Benjamin Larson. September 14, 8:09 p.m. Right on his due date. 7 lbs. 2 oz. 18.5 inches long.
Oliver came in shortly after to meet his new brother and I loved how big and excited his eyes were. He didn't want to touch him. He appeared to be nervous and clung to Shane as he drew near to my bed. He leaned over and when little Benjamin sneezed a little sneeze Oliver giggled. He is real and he is human. Phew.

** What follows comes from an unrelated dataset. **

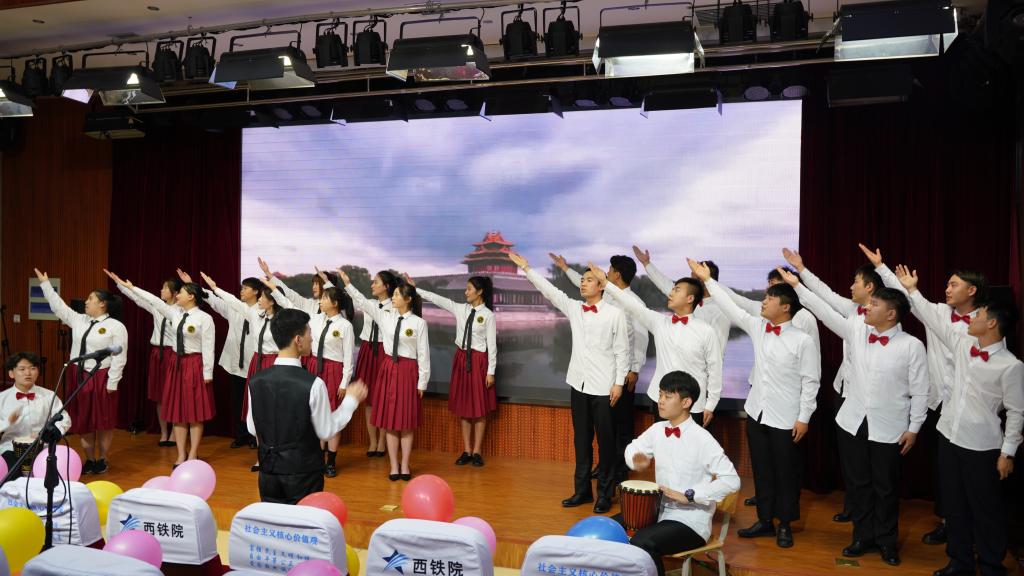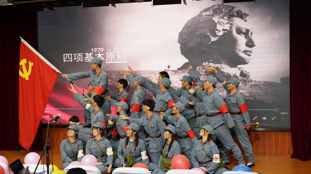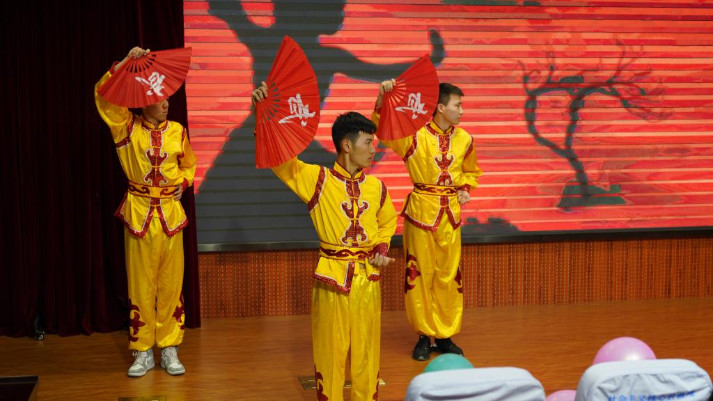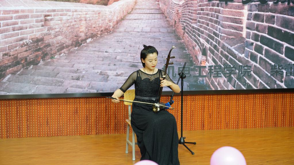 开幕式后,同学们用精彩的红色主线路文艺节目完美展示鸭脖师生的精神风貌。国旗护卫队的合唱《没有共产党就没有新中国》铿锵有力,气势磅礴;舞蹈《红旗颂》在激昂的音乐,优美的舞姿,真挚的感情,表达了同学们对党和祖国的热爱之情;柴蕾老师带来的二胡独奏《长城随想第二乐章——烽火操》以真挚深厚的爱国主义情怀,讴歌中华民族伟大精神和光辉灿烂的历史;舞蹈《灯火里的中国》深情大气、温暖人心、振奋精神;武术表演《中华武术》威风凛凛,展示了中华武术的博大精深;俄语小合唱《这里的黎明静悄悄》同学们用俄语演唱动听的旋律,再现经典,突显了鸭脖学生专业素养;《快板声声说党史》通过清脆的快板声、欢快有力的节奏、朗朗上口的旋律讲述百年辉煌党史,汲取奋进拼搏力量;合唱《我爱你中国》用美好的旋律,真挚的情感,展现的祖国的祝福与热爱;舞台情景剧《红色征途》通过真挚的眼神、动情的表演再现红军将士身披两万五千里风雪征尘,于枪林弹雨中以自己的血肉之躯铺就了胜利之路,给观众们带来精神上的震撼。歌伴舞《青春点燃梦想》,同学们通过演唱十四运会志愿服务主题曲,用青春旋律点燃梦想激情,展现鸭脖青年学子为十四运的顺利召开贡献青春志愿力量的决心。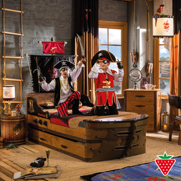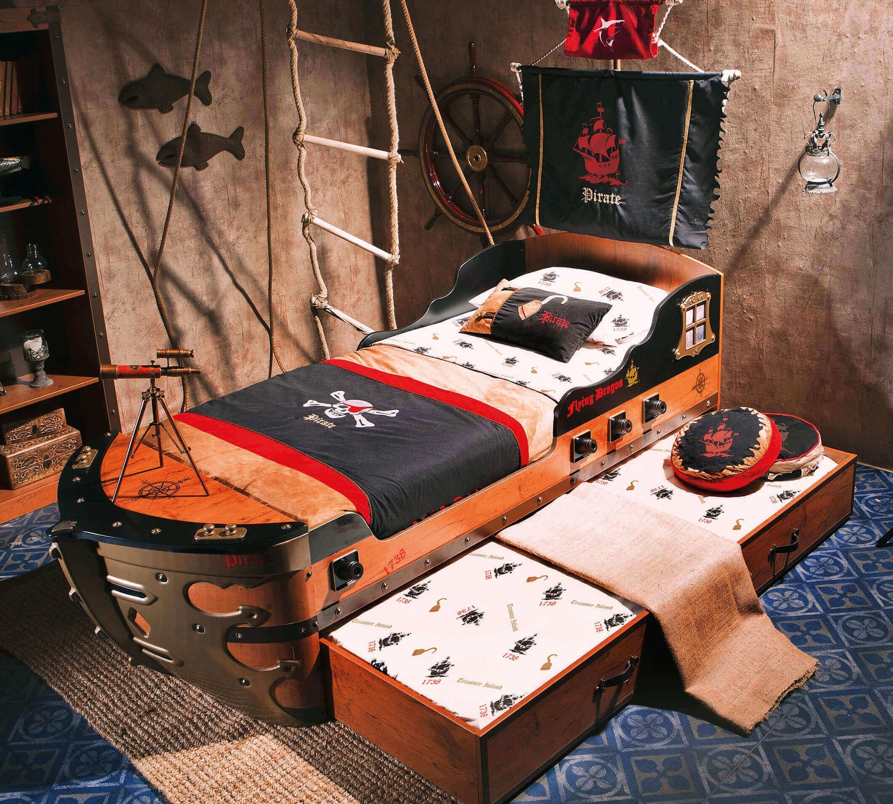 The bed, which turns into a full pirate ship with the pennant attached to the heading head, gives diversity to use by putting it in the space at the bottom.

We made it home in less than 24 hours and I'm recovering quickly with the help of pain medication. It's amazing how Benjamin has made himself comfortable in our home. We have been unceasingly blessed as friends bring meals, send gifts and pitch in to buy us the expensive necessities for a new baby. I can honestly say this first week with our new son has been blissful. Even in the middle of the night I am thankful to be woken up as it gives me reason to cuddle and stare at Benjamin in peace. Oliver is happily adjusting. He doesn't seem shocked that the baby is still living with us. Shane and I appreciate baby's nap times so we can play and be alone with Oliver like old times. I've only cried once, so I suppose I'm not experiencing any postpartum depression at this point. I'm enjoying this vacation of family-filled days. I feel like I'm being filled to the brim of what I've been lacking for months. I've only thought of work maybe twice but am soon distracted by little squeaks and baby smells. This is what it's like for my cup to overflow.